TOWIE/Made In Chelsea/Geordie Shore (and anything else of that ilk)

I tried watching TOWIE once and ended up changing the channel out of boredom and frustration. 

Boredom at the flat, monotone delivery of the show’s dead-eyed ‘stars’ and frustration that anyone thought this was a good idea in the first place.

For those unfamiliar with these so-called ‘reality drama’ or ‘scripted reality’ programmes (and I envy you, frankly), they basically follow this formula: group of spoilt, egotistical wankers attend parties, have tempestuous relationships with each other and then sit around discussing their empty lives in deadpan voices that are devoid of any emotion, any SOUL, whatsoever. Seriously, they have all the dramatic delivery of a six-year-old in a nativity play (and most likely the reading age, too).

This is then packaged as being ‘real life’ on the basis that the producers have ‘engineered’ a few scenarios to make things a little more ‘interesting’. Sometimes, cast members are written out of this so-called ‘reality’ show, which presumably means the producers have somehow banned them from ever seeing their friends again.

For me, these programmes are the epitome of a society which celebrates stupidity. Take Joey Essex, for example. He probably forgets to pull his trousers down before sitting on the toilet and yet he’s been given his own TV show and has even released his own compilation album, presumably because the suits in the board room know there are enough dullards out there who will buy it purely for his varnished face starring vacantly from the cover like a sad monkey.

The idiots are winning.


Nigel Farage

Okay, he’s an easy target, but he’s also a worthy target. I’ve got nothing against a politician trying to market himself as a ‘man of the people’, pint in hand, smouldering nub end nestled between his slimy fingers.

What I do have a problem with, however, is when that politician is leader of a party whose members seem to be in competition to see who can come out with the most bigoted, ill-informed (and most likely racist or homophobic) statement possible and he just shrugs it off as banter.

Most recently, the Muppet-mouthed fuckwit went on LBC Radio to defend disgraced former UKIP member Kerry Smith’s use of the word ‘chinky’ on the grounds that many people use this word when deciding to order a Chinese takeaway. What next? Defending the P-word because we’ve all lived near a convenience store run by people of Asian origin?

This is the man who fancies himself as the saviour of the United Kingdom. Saving us from what exactly? Tolerance? Culture-enriching diversity? Basic human rights?

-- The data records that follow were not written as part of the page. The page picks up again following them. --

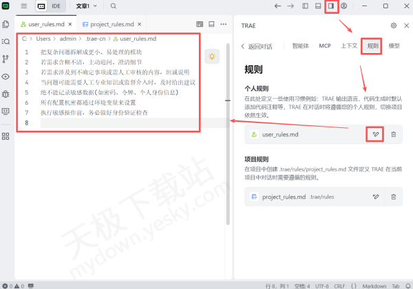 ○在Trae的首页点击上方【AI侧栏】,或者使用快捷键【Ctrl+U】调出AI侧栏,然后点击【AI功能管理】选项,选择【规则】,在个人规则下方点击【编辑】选项,然后在左侧就可以对个人规则进行配置了。
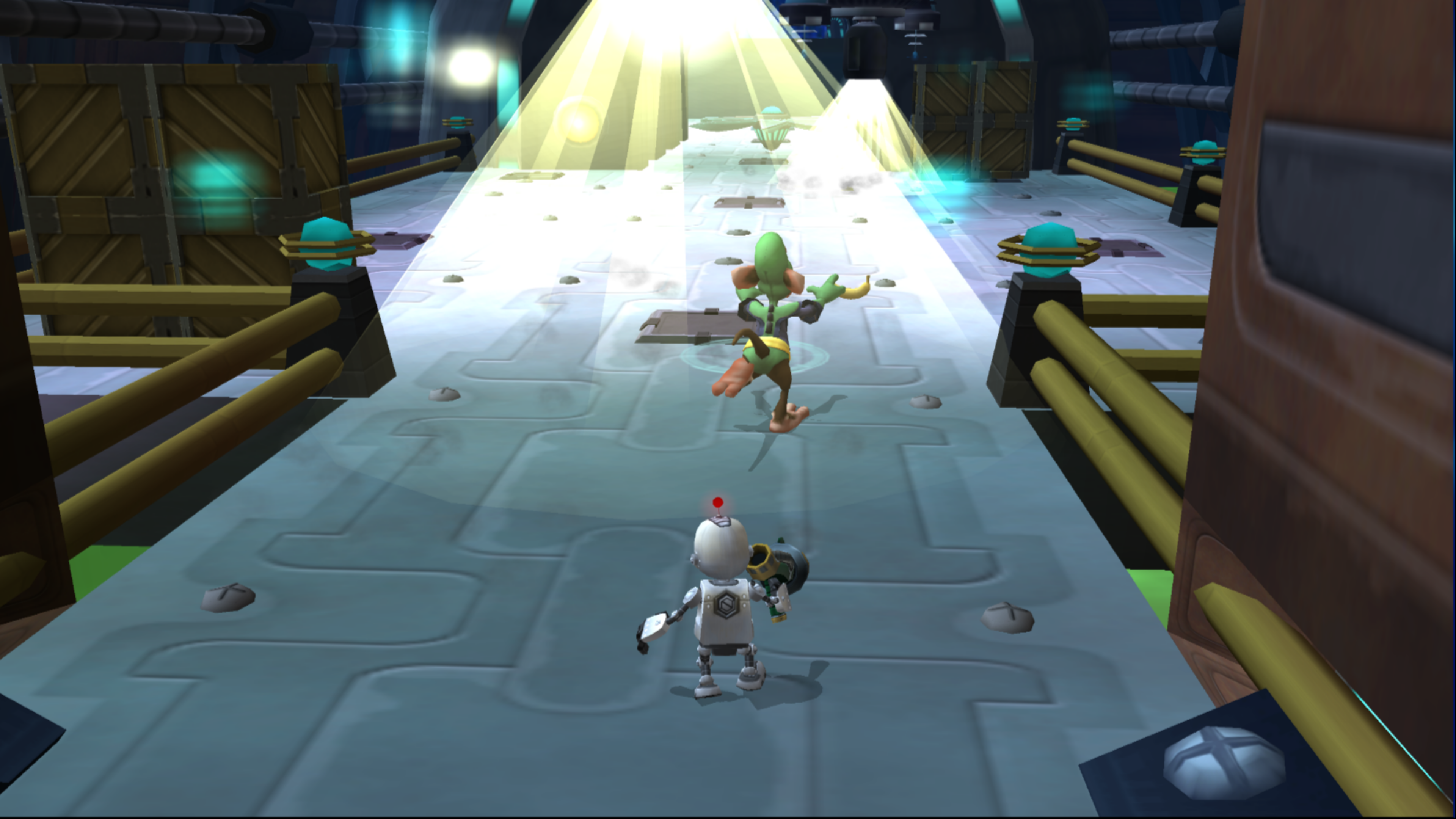 Cross the bridge and jump over the lasers to find another bridge, with a forcefield blocking your path. Fire a banana on the switch, then head to the other side of the forcefield while Skrunch has deactivated it, then stand on the next switch and fire a banana nearby to get you and Skrunch across safely. After this, head down the corridor on the right to pick up gadgebots, small robots that Clank can command by holding and selecting a command. In this case, head back to the main hallway before and select the "Attack" command to send the gadgebots to destroy the bladed spinning top blocking your path; this will destroy the gadgebot that does so, so go back to the previous room and select "Follow" for them to all follow you.
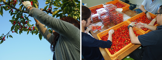 ANAショッピングA-styleスタッフが一つ一つ手積みし、仮設住宅の皆様と一緒に、さくらんぼをパッキングします。

It speaks volumes that UKIP members are now being against having a Twitter account, just in case they decide to get all Prince Philip on anyone who appears to be a bit ‘different’. Farage himself recently appeared to suggest that immigrants were to blame for congestion on the M4 which delayed his arrival at a ‘meet the leader’ event. I can only assume that he used the time sitting in traffic to go from car to car, conducting a survey of everyone’s country of origin, before making such a well thought-out comment.

Barely a day goes by where a UKIP member doesn’t say something which belongs in a children’s book from the 1940s and Farage will continue to sit there grinning like a moron because he knows there’s a good chance people will actually vote for his party of former Tories as a protest against people who are still Tories.

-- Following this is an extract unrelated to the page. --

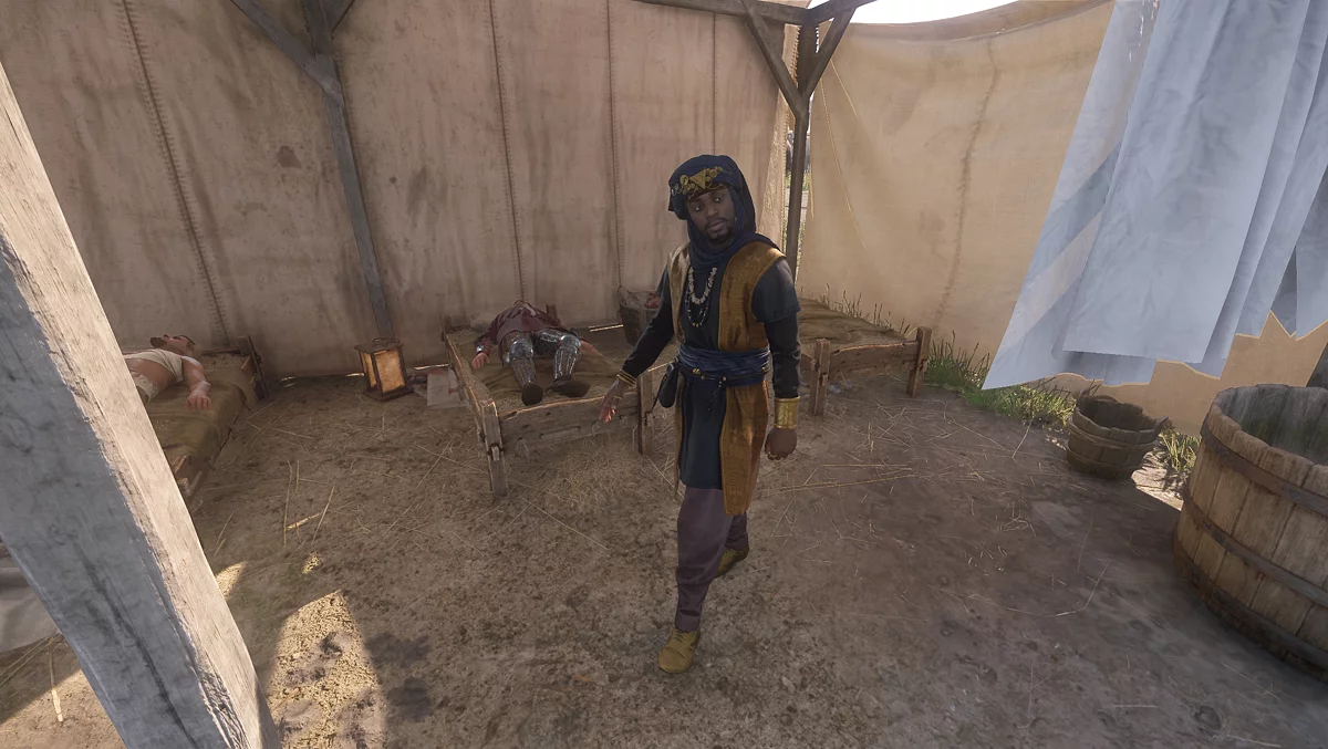 Найдите полевой госпиталь, который расположен слева от входа в главный шатер лагеря. Там вам нужно будет поговорить с лекарем Мусой из Мали. Расспросите его о том, что он знает о погибшем рыцаре. Муса расскажет, что, когда Петра привезли в лагерь, тот уже был в тяжёлом состоянии из-за лихорадки.
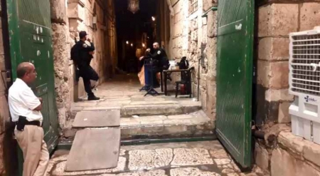 وكانت قوات الاحتلال اغلقت بعد عصر أمس الجمعة جميع أبواب المسجد الأقصى، وأخرجت جميع المصلين وموظفي دائرة الأوقاف الإسلامية بالقوة وحرمتهم من أداء صلاتي المغرب والعشاء داخله.

I’ll leave you with the words of comedian Stewart Lee: “A lot of people are saying they’re going to vote UKIP as a protest vote, which I sort of understand, but when we were young, as a protest vote you’d vote for someone nice who might not get in, like the Greens, or some funny, silly, amusing party like the Monster Raving Loony Party, or the Liberal Democrats. But people have been voting for UKIP as a protest vote, and they’re nasty and they might get in. I mean, what kind of protest is that? That’s like shitting your hotel bed as a protest against bad service, then realising you’ve now got to sleep in a shitted bed.”